The dictum in Lewis "that, after indictment found, nothing shall be done in the absence of the prisoner," 146 U.S. at 372, 13 S. Ct. at 137, 36 L. Ed. at 1012, is not controlling. As already pointed out, it has no necessary application to motions addressed to the legal sufficiency of indictments, which can be heard in the defendant's absence.
No constitutional inhibition against court action to determine the validity of a criminal charge absent a defendant was inserted into our Constitution by its draftsmen; there was no reason to consider the issue. Contemporary common law in England condemned fugitives through the process of outlawry. Blackstone's Commentaries On The Law, Ch. XXIV, 886-888 (Gavit ed. 1941); 1 J. Chitty, Criminal Law 347 et seq. (1816). This procedure was undoubtedly well known to colonial lawyers who relied heavily on Blackstone. A determination of outlawry was made ex parte but was subject to highly technical rules and reversals on writ of error. At least in non-capital (non-treason and non-felony) cases, writs of error as to outlawry proceedings could be obtained by an attorney without the defendant being present, if the outlawry was before conviction. 1 J. Chitty, Criminal Law 369 (1819). This rule did not apply to treason and felony cases, apparently because there was no right to counsel in such cases at that time. It appears as if a relative was permitted to object and suggest error in the process even in a felony case in the absence of a deceased defendant. See 4 J. Chitty, Criminal Law 238 (1816). But cf., People v. Genet, 59 N.Y. 80 (Sup.Ct.1874).

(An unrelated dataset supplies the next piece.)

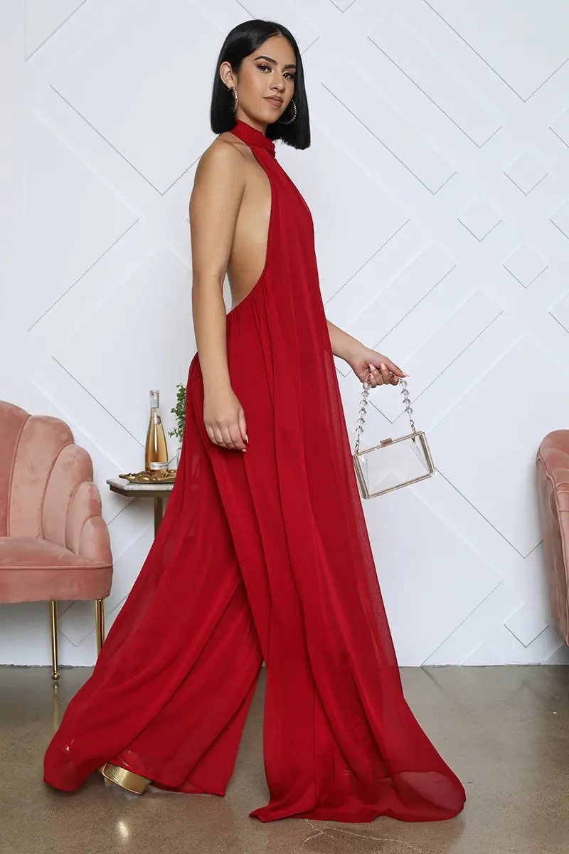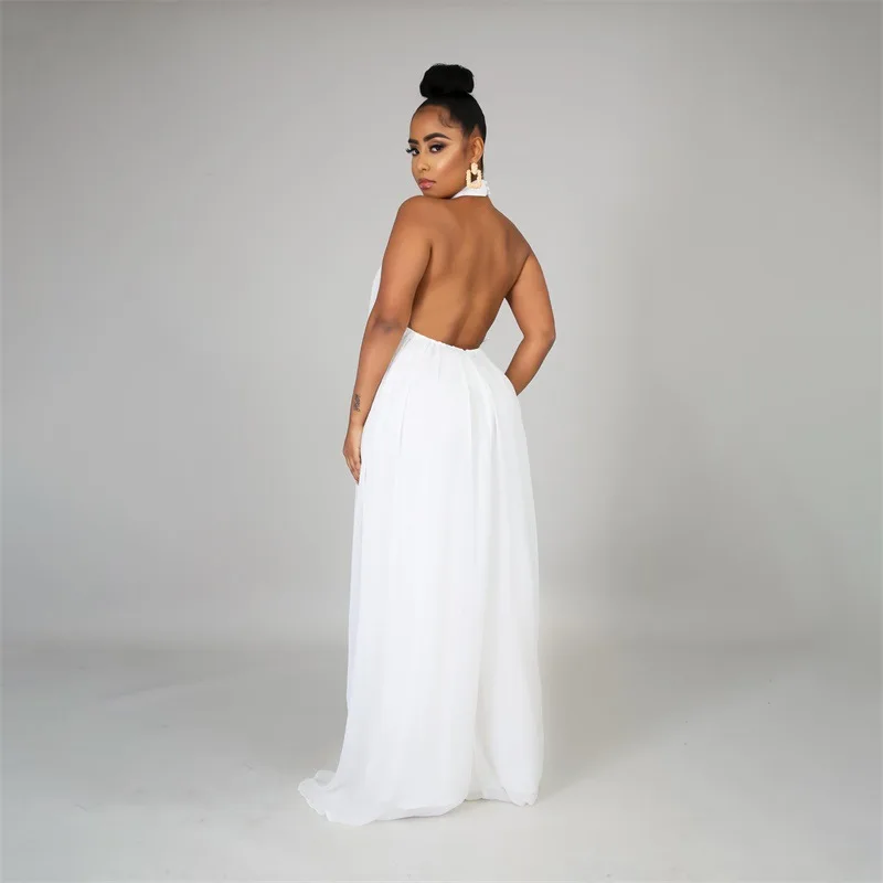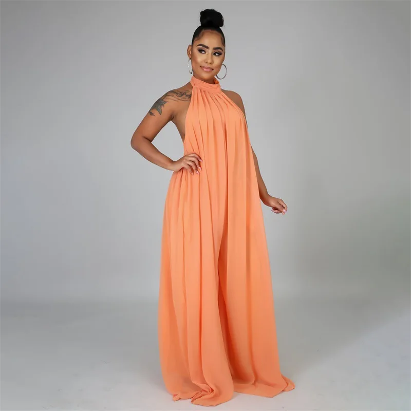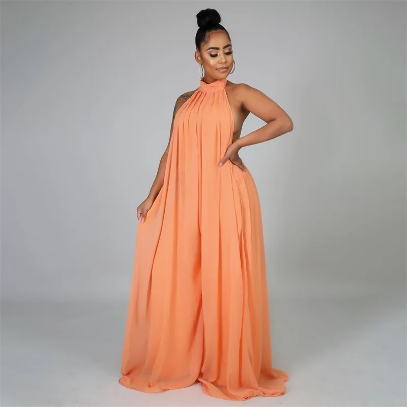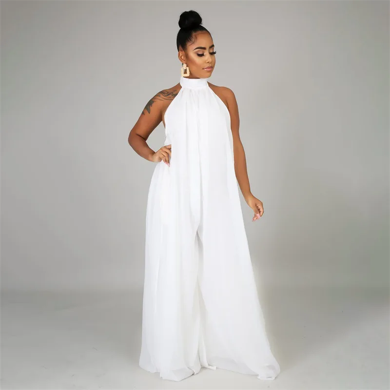 CMYAYA Elegant Women Halter Neck Sleeveless Loose Wide Leg Jumpsuit 2022 Street INS One Piece Set Overal Long Sleeve Playsuit

The court's right to hear from counsel on behalf of a defendant on legal issues, even during the period when a defendant had no right to counsel, was established long before adoption of our own Constitution. See, e.g., 1 J. Chitty, Criminal Law 408 (1816); R. v. Lilborne, 4 Howell's State Trials 1270 (1649) (counsel on legal points); R. v. Ratcliff, 18 Howell's State Trials 430 (1746). As Chitty points out (ibid):
"it is certain, that any one may, as amicus curiae, inform the court of any error in the proceedings [of outlawry], of which they are bound to take cognizance."
The court has an interest in clearing its docket of invalid indictments and has the power to appoint counsel authorized to make motions addressed to their sufficiency. That was the evident purpose of the September 10th order. We need not and do not hold that the appointment carried with it the authority to speak or act for the defendants on matters relating to their guilt or innocence of the offense charged.
The government's motion to set aside this court's order of September 10, 1974 is denied.